Графини уже не было в Вильдбаде, для своих дел Зюсс больше не нуждался в каббалисте, деловые связи с графиней, участие в предприятии Исаака Ландауера установилось и без того. Зюсс в данную минуту был вполне счастлив и даже не помнил истинного повода, ради которого вызвал рабби Габриеля, однако твердо знал, что в письме указал лишь один повод – настоятельную потребность заглянуть ему в глаза, послушать слова, произносимые его устами. Он представлялся себе благородным и великодушным оттого, что решился коснуться заповедного, и старался начисто забыть, что в действительности вызывал загадочного, зловещего старца совсем для другой цели.
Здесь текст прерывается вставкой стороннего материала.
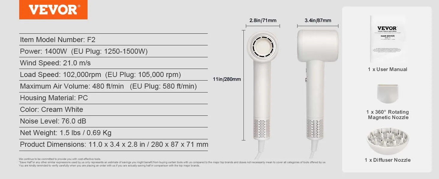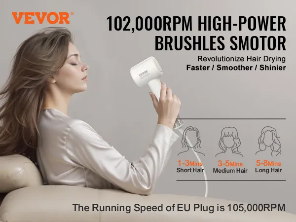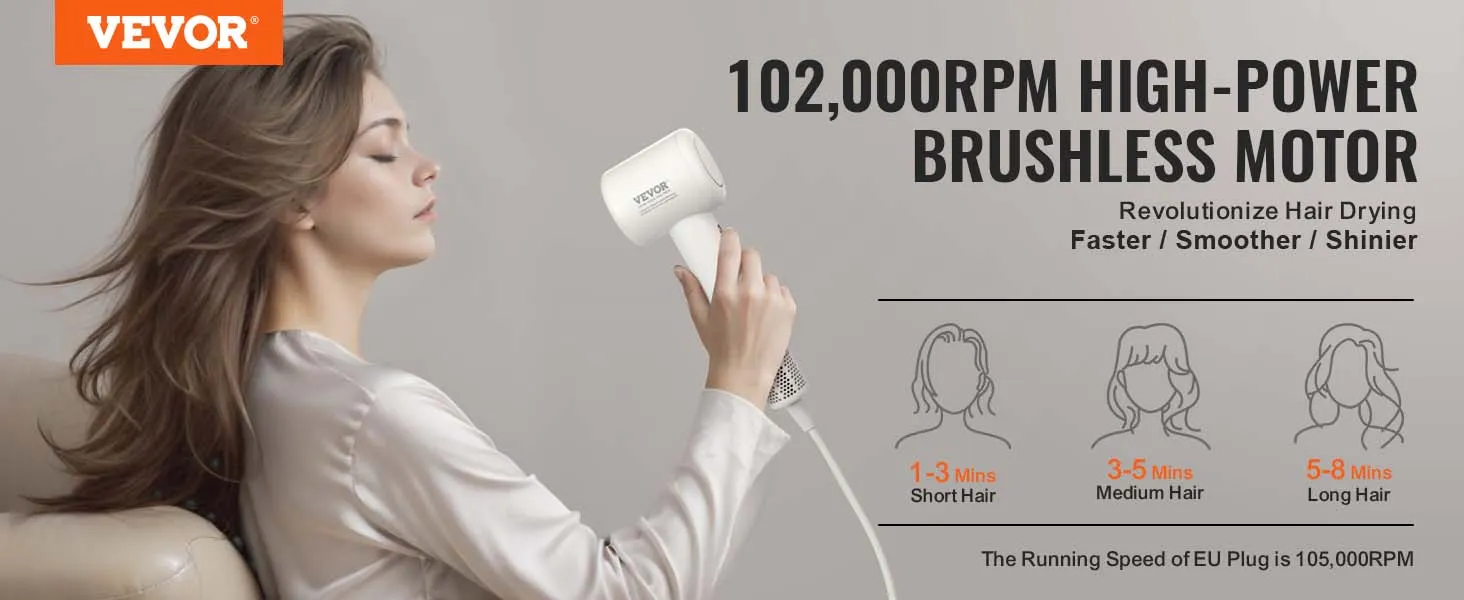 VEVOR High-Speed Hair Dryer 105000RPM 200 Million Negative Ions 3 Temp & 2 Speed

Но когда рабби Габриель очутился перед ним, его блистательный, изысканно-увертливый апломб сразу же непонятным образом исчез. Он успел только подумать: что за старомодный у него вид! Но подумал это уже как-то вскользь, неуверенно. Его заполонило жуткое, гнетущее чувство, от которого нельзя было укрыться в присутствии рабби Габриеля, как от воздуха, которым дышишь.
– Ты вызвал меня ради девочки? – прозвучал скрипучий, сердитый голос.
Зюсс хотел ответить резкостью, возмутиться, он заготовил много бойких, красивых фраз, но безысходная печаль, струившаяся из блекло-серых глаз, опутала его, точно тенетами.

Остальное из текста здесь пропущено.